Pass, punt and party A Super bowl bash on a tight budget

Kevin Cowherd

January 24, 1991|By Kevin Cowherd | Kevin Cowherd,Evening Sun Staff

THE PUNDITS, sociologists and shrinks see the Super Bowl as a metaphor for life and death and redemption in the form of a last-second field goal or touchdown pass.

Me, I look at it as more of a football game. Usually a lousy football game, come to think of it. Therefore, if you're watching it on TV, it's a good idea to have a lot of back-up activities planned, such as eating, drinking, poring over swatches for the new sofa, sanding and varnishing that old desk in the basement, that sort of thing.

Unfortunately, every year at this time countless trees are killed and paper wasted on a host of insipid articles about how to throw a gala Super Bowl party.

This article, while no less insipid, takes into account these troubled economic times as well as the war in the Persian Gulf, and recommends a less, um, extravagant get-together, although one that will surely have your friends buzzing for months.

(Note that we are talking about watching the Super Bowl in a home here. The problem with watching it in a bar is, you tend to be surrounded by a lot of noisy, excitable individuals with access to alcohol, many of them seemingly unstable and some of them -- this is the scary part -- personal friends of yours.

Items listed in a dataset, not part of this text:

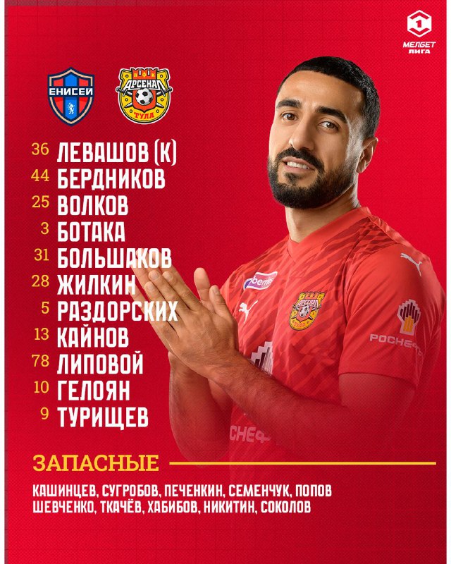 Начало игры в 10:00. «Арсенал» занимает шестое место, набрав 30 очков, «Енисей» — десятый, у команды из Красноярска 24 очка.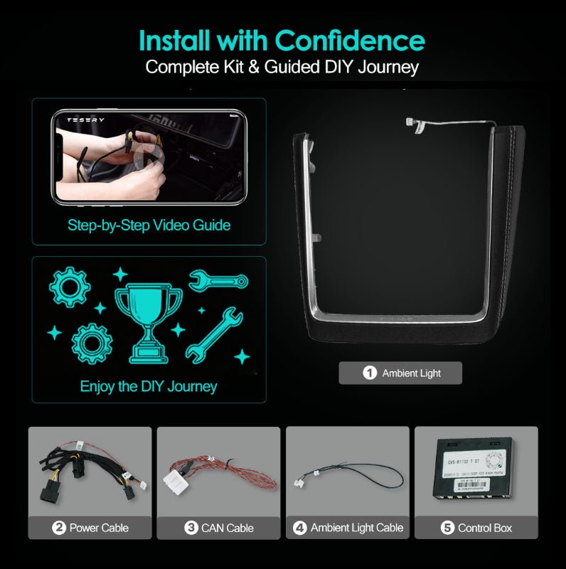 Take full control of your lighting directly through your Tesla's OEM screen. Easily match colors with your existing ambient lights for a perfectly synced, factory-like look.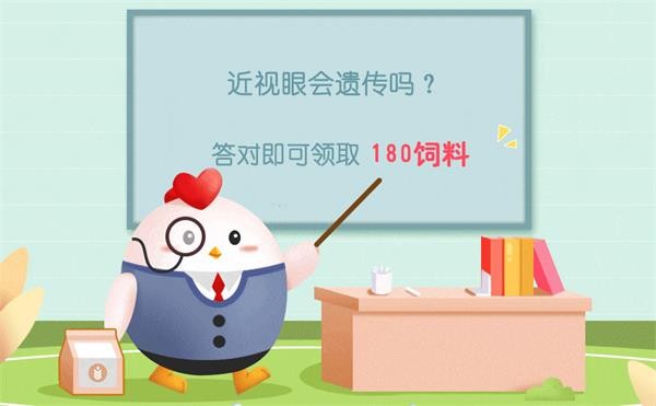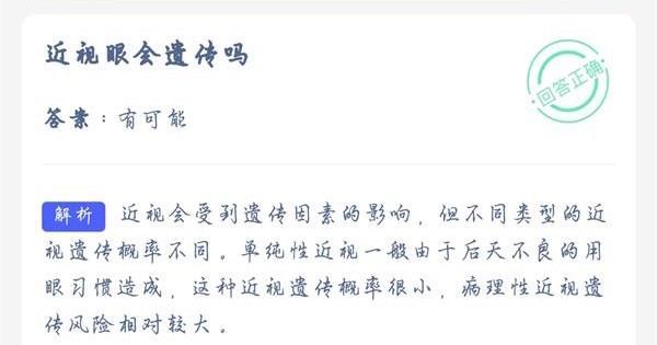 担忧近视眼会不会遗传给下一代。本日蚂蚁庄园便是问大年夜家近视眼会遗传吗?一路来看看谜底吧。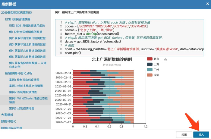 2、然后会出现如下页面,选择你需要的案例,点击插入即可: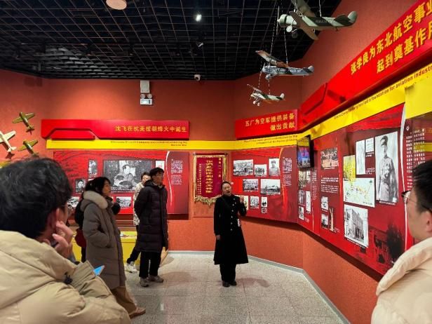 接着,实践队赴沈阳飞机工业(集团)有限公司参观学习。作为我国歼击机核心研制生产基地,沈飞集科研、生产、试验、试飞于一体,展现了我国航空工业的高水平成就。在沈飞航空博览园,从早期仿制机型到最新一代歼击机,一架架功勋战机见证了我国航空事业的辉煌发展。通过现场讲解,队员们对“忠诚奉献、逐梦蓝天”的航空报国精神有了更直观的认识。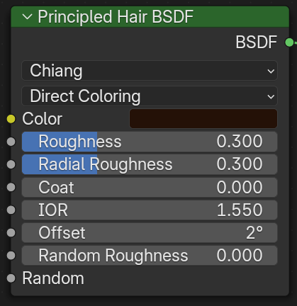 Hair BSDF ノードは、髪の毛のためのシェーディングを追加するノードです。髪の反射や透過の表現に使われます。

(So in the midst of celebrating, for example, a thrilling 55-yard touchdown run -- if such a thing should actually ever occur in a Super Bowl -- you might discover some tipsy jerk spilling beer on your sleeve or burning a cigarette hole in your sweater, your favorite one with the little red reindeer, too.)

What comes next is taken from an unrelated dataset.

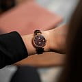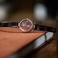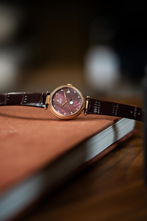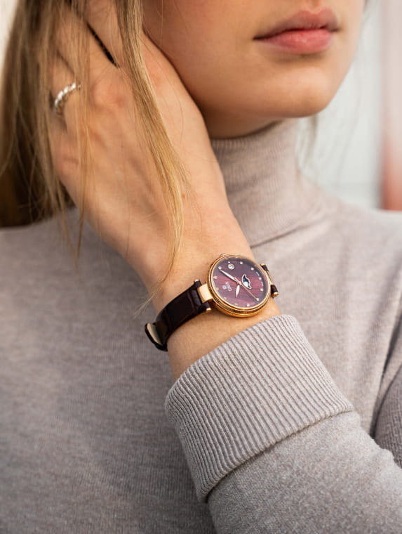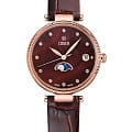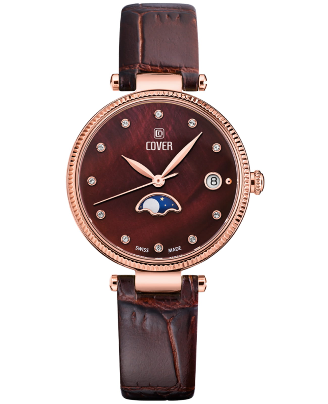 Женские часы Cover Moon CO196.07  - это аксессуар для истинных леди из коллекции Fly Me To The Moon. Часы работают на кварцевом калибре ETA. Циферблат выполнен в коричневом перламутровом исполнении, создавая игру света при каждом движении запястья, и украшен 11 кристаллами Swarovski, которые служат часовым индикатором, добавляя блики света и роскоши. Кроме того, модель имеет окно фаз Луны на «6 часах» и апертуру даты на «3 часах», что делает ее функциональной для ценителей астрономических усложнений. Часы имеют 32-миллиметровый корпус из нержавеющей стали с PVD-покрытиемPVDУльтратонкое покрытие наносится в технике вакуумного напыления, сочетает в себе нитрид титана особой прочности со слоем золота или оксида хрома. Несёт в себе декоративную или защитную функцию. цвета розового золота.  Водонепроницаемость часов достигает 5 атмосфер (WR 50), что позволяет использовать их в повседневной жизни, однако не рекомендуется для контакта с водой во время плавания или дайвинга. Маркировка «Swiss Made». Кожаный ремешок на классической застежке.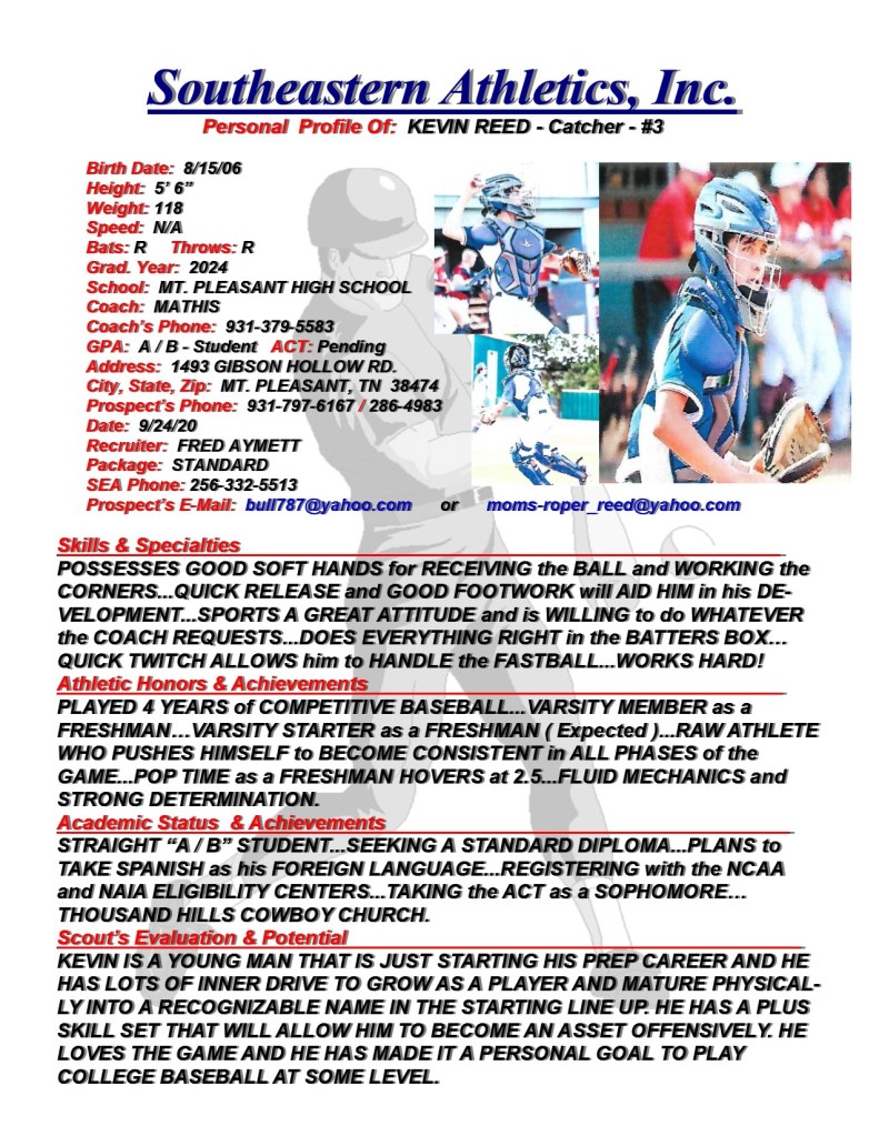 Kevin Reed, 2024, Catcher, Mt. Pleasant HS, TN

The point is, just because your Super Bowl party is low-key doesn't mean it can't be tasteful, at least if you stick to the following sample menu:

* Cocktails: This year, the smart (read: budget-conscious) host or hostess is serving a 1991 Pabst Blue Ribbon, which should be served in the utilitarian and yet not altogether inelegant flip-top can.

Now maybe you're thinking: "Hmmm, Pabst Blue Ribbon . . . are they still in business? Won't my guests snicker?"

Perhaps this interesting statistic will change your mind: $2.79 a six-pack. Don't be alarmed if your guests report a slightly metallic aftertaste; as with all domestic brews, this will largely disappear by the third or fourth beer as your guests' taste buds become more, oh, relaxed.

The empty cans also offer an excellent form of entertainment, should the game get a little slow. There's always one guest willing to demonstrate a particularly creative way of crushing a can against his forehead. Also, each guest can take turns attempting a 10-foot jump shot with the empties into the trash can while everyone counts down in unison: "Three . . . two . . . one . . .!" and then imitates the sound of a buzzer.

* Appetizer: Even in more financially upbeat times, I recommend the Cheetos, those curly orange thingamajigs that taste like . . . well, sort of like cheese, but sort of like . . . like those cotton swabs your dentist sticks in your mouth.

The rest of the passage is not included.